Patterns. That was what it came down to. There were two separate time lines I was dealing with. What had happened in my first trip from 1982 to 1999 and what was happening in my second trip. When I'd first come over it had seemed so simple. Everything was new, everything was fresh. I had not really believed at all that I would have to worry about the way things had turned out in my first life. But now, after all the things that had happened, I was seeing definite patterns between the two time lines. Though some things had changed I was seeing a definite tendency for things, people especially, to drift into the patterns that had apparently been set for them. As for who or what had set those patterns, I knew not and I cared not. I was only concerned with the question of whether or not the patterns were tendencies or absolute.

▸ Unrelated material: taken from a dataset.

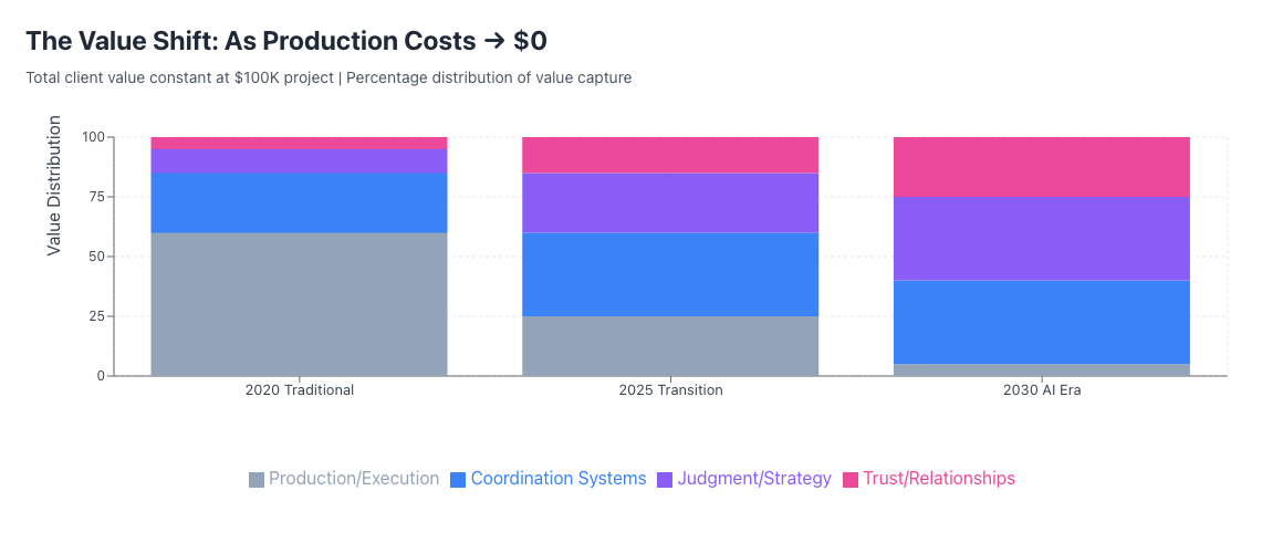 New AI tools push marketing production costs toward $0. As a result, the value for marketing teams—or really most knowledge workers—shifts from production toward coordination, judgment or strategy, and trust or relationships. Even further still, I’d argue it’s always been and will ever be about telling stories. Here’s a visualization I was working on with Claude.

Mike. In my previous life he'd gone to independent study and dropped out of school. He'd joined the Air Force a few years later and the few times I heard from him after that he'd seemed to like his job as missile technician in Wyoming. However he was discovered to have marijuana in his system after a random drug test and given a choice between an Article 15 or a dishonorable discharge without criminal complaint, he chose the discharge. In this time line I'd successfully steered him off of that path at it's beginning and onto a different one, that of a firefighter. I'd kept him in high school longer than he had been previously and I'd honestly thought that I'd changed his destiny. But then he was caught using marijuana at the fire station. He was thrown out of ROP and was now planning to re-enter independent study. He'd steered himself right back into the other path with only two days worth of effort. Was he now committed to that path? Was there no way for me to steer him back again? Was it pointless to even try?